Como otras noches, Remedios no podía dormir. Era así desde que había muerto Serafina. Su hija Serafina. Tan pequeña, tan tierna, tan... indefensa.
Miró hacia su marido. A través de la poca luz de la luna, pudo distinguir un bulto cilíndrico, enorme, del que provenían ronquidos estridentes, pero a la vez tranquilizadores.
Tratando de no hacer ruido, se vistió en la oscuridad. No quería malgastar aceite, su ama apenas le proporcionaba a su hombre un poco por semana. Debían cuidarlo ante cualquier...
¡Santa María, socórreme! Todavía sigo pensando en estas estupideces.
Afuera no había viento.
El calor pegajoso de Buenos Aires contribuía para que algunos estuviesen afuera, charlando. Remedios bajó la cabeza, haciendo como que se arreglaba la enorme hebilla de hueso, con tal de no saludar a los compañeros de finca.

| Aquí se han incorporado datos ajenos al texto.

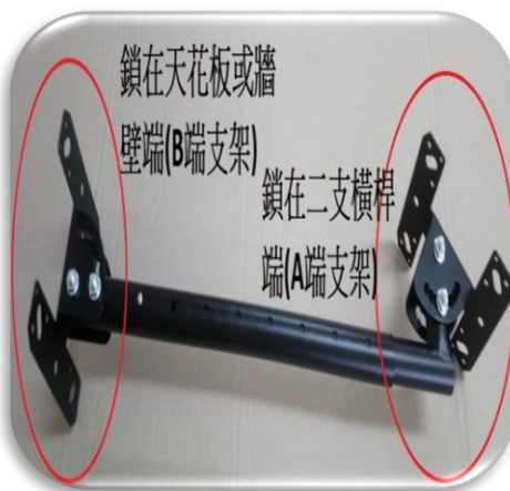
圖五、支架A端鎖在橫桿, B端鎖在天花板或牆壁
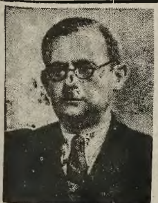
MIN. PRZEMYSŁU I HANDLU TOW. H. MINC

WOJENNA PSYCHOZA W AMERYKAŃSKIEJ REDAKCJI
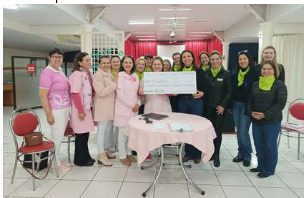
Campanha “Livro de Ouro 2023”, destinado à Rede Feminina de Combate ao Câncer de Canoinhas
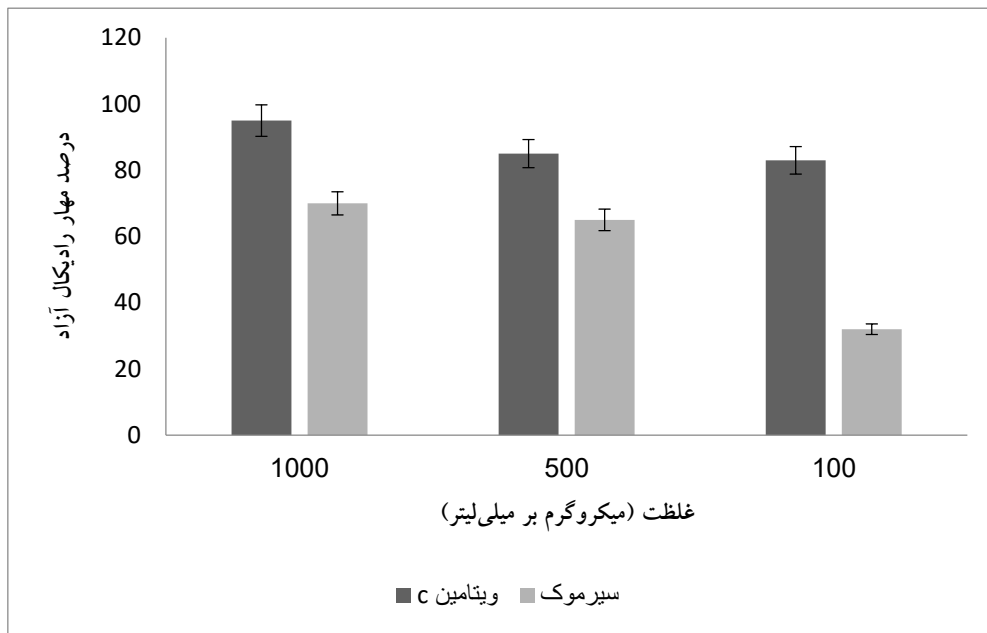
شکل شماره ۱. مقایسه آنتی‌اکسیدان عصاره سیرموک و ویتامین C

بیشترین فعالیت آنزیم 1\text{-min-}1\text{-}\mu\text{l-}1\text{-}168/97 در حضور غلظت ۱ میلی‌گرم بر میلی‌لیتر مشاهده شد و تفاوت معناداری نسبت به کنترل نشان داد. مقدار P < 0.05 در نظر گرفته شد (جدول شماره ۱). درصد فعال‌سازی فعالیت آنزیم با غلظت رابطه مستقیم داشت؛ هرچه غلظت افزایش یابد، درصد فعال‌سازی افزایش پیدا می‌کند (جدول شماره ۲). در زمان مهار آنزیم توسط دیازینون، فعالیت آنزیم 1\text{-min-}1\text{-}\mu\text{l-}1\text{-}39/21 \pm 3/20 محاسبه شد، به طوری که فعالیت آنزیم ۷۰ درصد کاهش یافت. فعال‌سازی دوباره آنزیم استیل کولین‌استراز مهارشده در حضور غلظت‌های مختلف عصاره آبی گیاه سیرموک مشاهده گردید. میزان بازیابی فعالیت آنزیم تابع غلظت بود، به طوری که در غلظت ۱۰۰۰ میکروگرم بر میلی‌لیتر عصاره، تفاوت معناداری نسبت به غلظت‌های پایین‌تر وجود داشت (شکل شماره ۲).
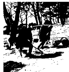
カワウの糞を採取するようす

Se dirigió hacia el Río de la Plata, que todavía no podía verse. Su ama le permitía salir las veces que quisiera. Le tenía una bien ganada confianza.

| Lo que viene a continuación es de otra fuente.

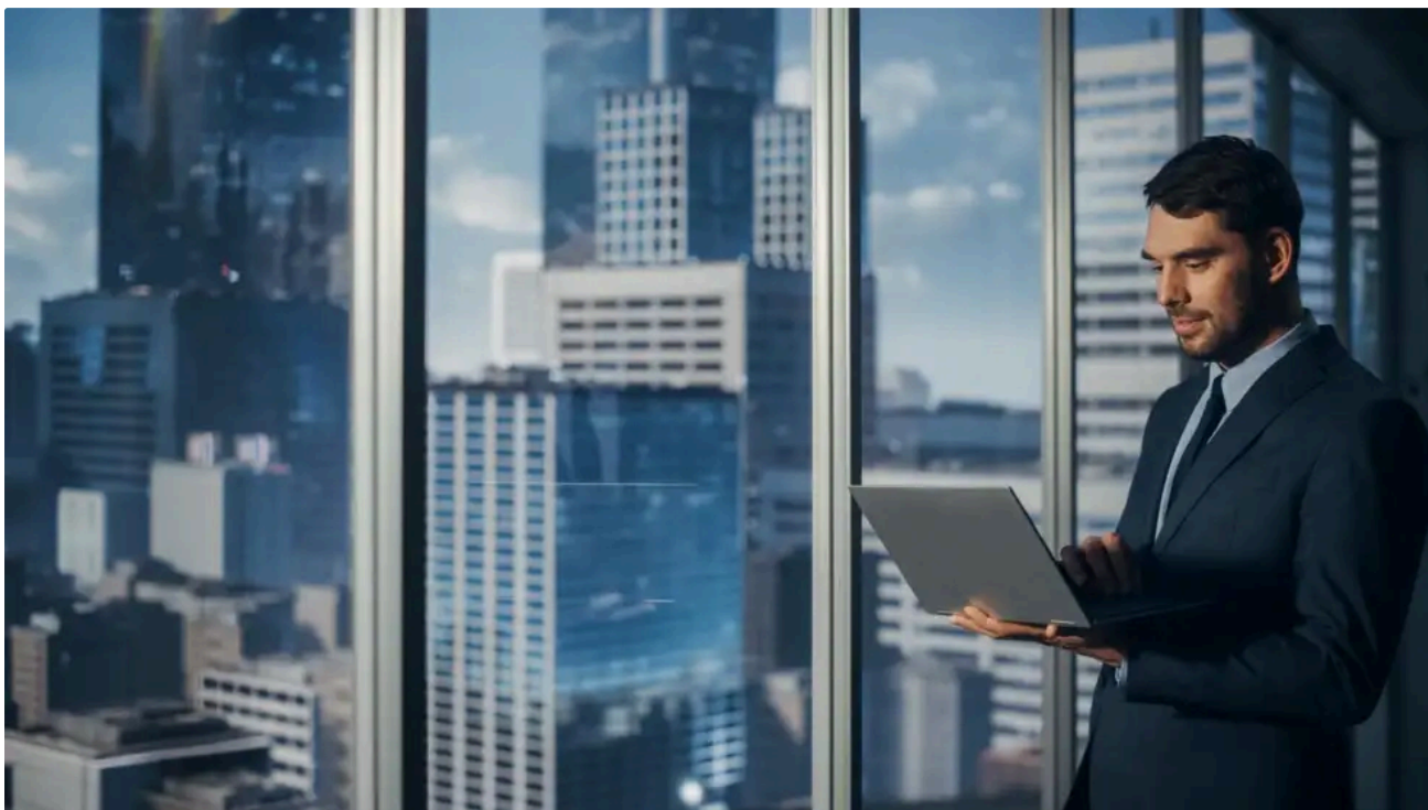
Empresarios, CEOs o ejecutivos

El 65% del empresariado de compañías medianas tiene una buena expectativa para los próximos 12 meses, de acuerdo con el International Business Report (IBR) de Grant Thornton,

Justo cuando llegó a la barranca, vio a la luna llena brillar sobre el agua marrón, que esa noche parecía brea. Le hizo acordar a la piel de su hija Serafina: tan oscura, tan brillante, como la delicada seda negra con que su ama gustaba vestirse.
Una vez en el río, se arremangó la pollera y se mojó los pies. Le hubiese gustado ser niño, sacarse la ropa, y disfrutar de un buen chapuzón.
Se quedó allí, parada en la arena, en medio de las aguas que subían, pensando en Serafina, en su hija.
De pronto murió la luna en el cielo y el río se tragó su reflejo. La noche se volvió oscuridad. La cara de Serafina tomó forma bajo la superficie. Se reía. Remedios también rió, extendió los brazos, fue hacia ella, lloró.
No pudo hacer pie, y no sabía nadar. Poco le importó. Su Serafina seguía allí, casi, casi, al alcance de la mano.
Sintió los primeros síntomas de ahogo. Trató de respirar, pero sólo el agua llenó sus pulmones.
Antes de perder la conciencia le tiró un beso a su hija.